Kız üç gün daha orada kaldı; neşeli vakit geçirdi, ne istediyse cüceler onu yaptı. Sonunda eve dönme zamanı geldi; cüceler onun ceplerini altınla doldurduktan sonra yolunu göstererek uğurladılar.
Kız eve döner dönmez işe başlamak istedi; bir köşede duran süpürgeyi eline aldı. Ama tam bu sırada evden iki kişi çıkarak ona kim olduğunu sordu.

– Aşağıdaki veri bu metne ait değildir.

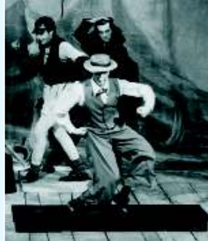
«Ковчег сумасшедших», Прага, 1989 г., фото: Владимир Гуральчик

В начале восьмидесятых годов в квартале Браник на окраине Праги в рамках Браницкого театра пантомимы возникла даже самостоятельная труппа, которая, наряду с постоянной пантомимической сценой театра «На забрадли» представляла собой художественную учебную базу для многочисленных молодых любителей пантомимического искусства. И именно пражская периферия стала местом, где на свободных пространствах, в молодежных клубах и других, поначалу «не-театральных» учреждениях происходило дальнейшее развитие этого жанра, о чем свидетельствует несколько спектаклей «Цирка Альфред», постановки Бориса Гибнера «В конце сада именов Голливуд» или замечательных в художественном плане и в то же время политически ангажированных спектаклях «Общества Альфред» под руководством Цтибора
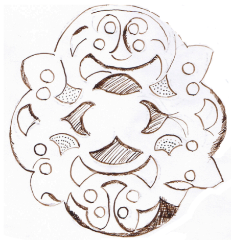
Plaque de Norton

Autre activité : observer les deux plaques de harnais suivantes et les comparer avec la plaque de Paillart.
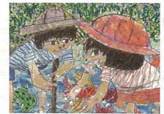
だい 2回最優秀賞(子供の部) 作品

スラグ製品と海と森」と題したアートコンテストを開催しています。誰でも気軽に参加できるコンテストです。まずは鉄鋼スラグ協会のウェブサイトで、鉄鋼スラグ製品のことを少しだけ勉強してください。そのうえで海や山や川や森、そして私たちが暮らす町や都会を舞台に、たくさんの生命が輝き、共存している様子を表現してください。みなさんの力作を、お待ちしております。
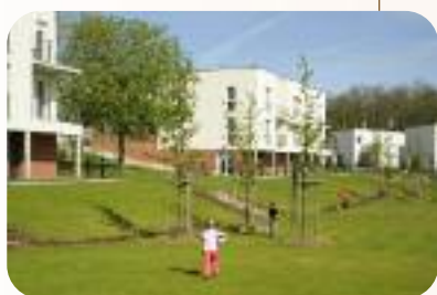
La résidence de l'Artois (Eure Habitat) à Evreux-Saint-Michel.
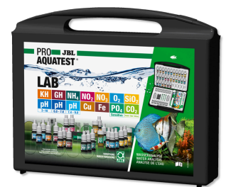
JBL PROAQUATEST LAB Testkoffer mit 13 Wassertests zur Süßwasser-Analyse
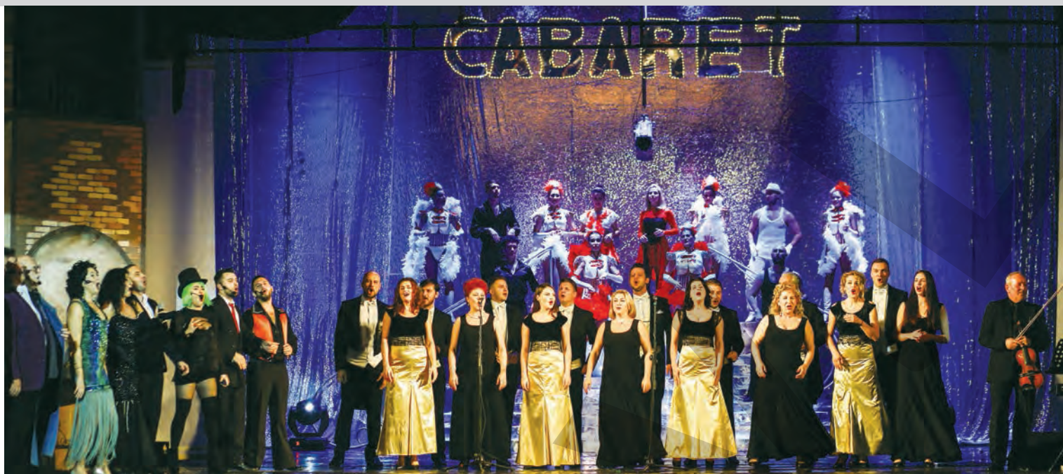
PRIMIT CU CĂLDURĂ DE PUBLIC ● RECENZIE
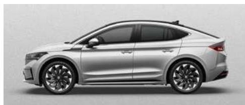
BRILLIANT SILVER METĀLISKA KRĀSA 730 €
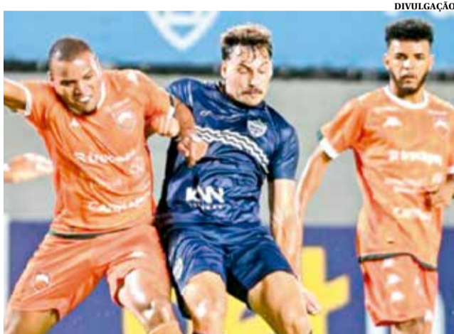
Barra goleia e está pela primeira vez na final do Catarinense

O Pescador enfrentará a Chapecoense, que venceu o Brusque no último domingo e também avançou à decisão. Já o Camboriú, por sua vez, volta suas atenções para a busca de uma vaga na Copa do Brasil do próximo ano. O compromisso será diante do Avaí, pela Taça Acesc, em jogo marcado para o estádio Orlando Scarpelli.
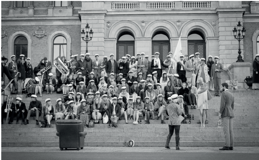
Det traditionsenliga majmiddagspexet hölls denna gång vid trappan utanför Universitetshuset.

Även detta år inföll valborg på sista april med ett soligt och vackert väder, dock något kallare än önskvärt. Det mesta var sig likt
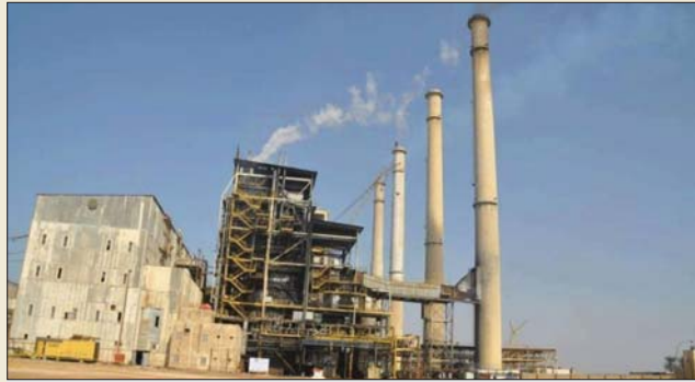
مجموع تشغيل العاطلين بوزارة الكهرباء
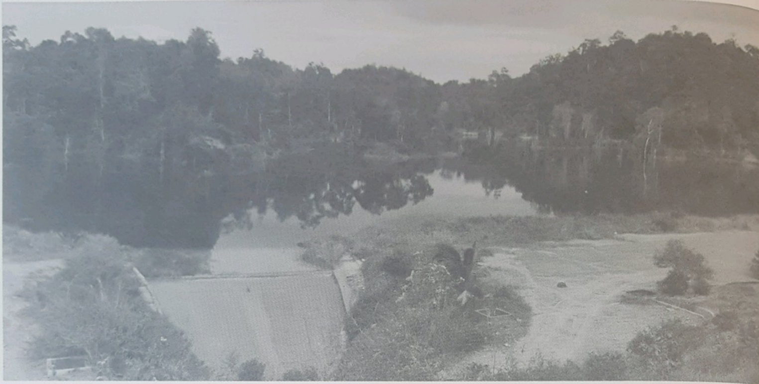
SALAH sebuah taman rekreasi yang baru sedang diusahakan bagi menarik para pelancong ke Daerah Tutong.
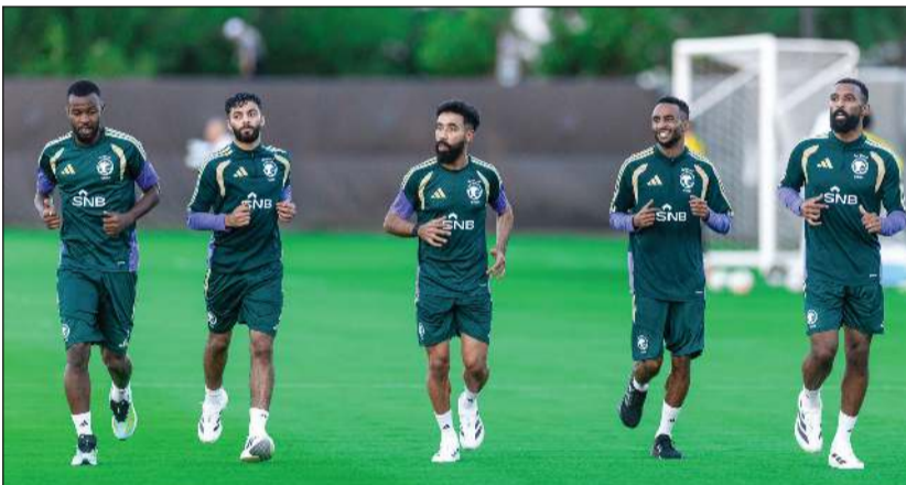
جانب من تدريبات المنتخب السعودي في أوستن
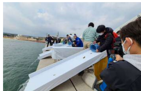
リレー放流に参加した小学生たち
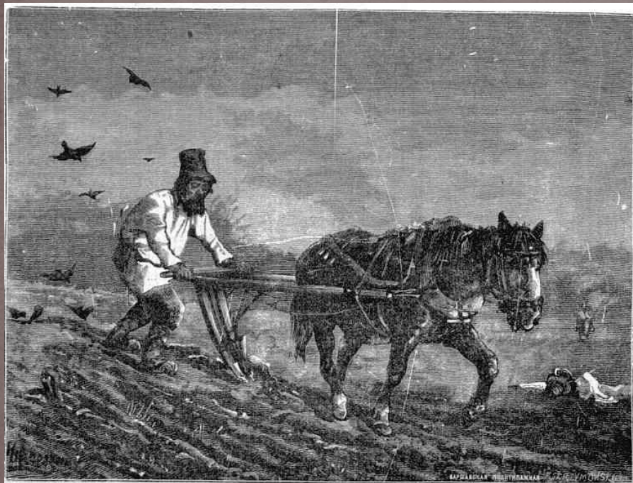
Великорусская соха. — Рисунок Н. Каравина.

Aslında kız cücelerin yanında üç gün değil, yedi yıl kalmıştı. Bu zaman içinde de eski efendileri ölmüştü.
Üçüncü Masal
Bir kadının çocuğu beşiğindeyken cüceler tarafından kaçırıldı. Onun yerine çirkin, biçimsiz, koca kafalı, patlak gözlü, bir çocuk bırakıldı. Bu çocuk ne yiyordu ne de içiyordu.
Ne yapacağını bilemeyen kadın komşusuna giderek onun fikrini aldı.
Komşusu ona, bu çocuğu mutfağa götürüp ocağa oturtmasını, sonra ocağı yakmasını ve onu iki yumurta kabuğu kadar suda kaynatmasını önerdi. Bu çocuğu güldürecekti ve eğer gülerse yok olacaktı.
Kadın komşusunun söylediklerini aynen uyguladı. İçi su dolu iki yumurta kabuğunu ateşe oturtunca oğlan şöyle konuştu:
Bunca yaşıma bastım,
Bu işe doğrusu şaştım.
İnsan nasıl pişer yumurta kabuğunda?
İnan, amabir bit yeniği var bunda.
Ve gülmeye başladı. O gülerken birden bir sürü cüce çıkageldi. Daha önce kaçırdıkları çocuğu ocağa oturttular, çirkin oğlanı da yanlarına alıp gittiler.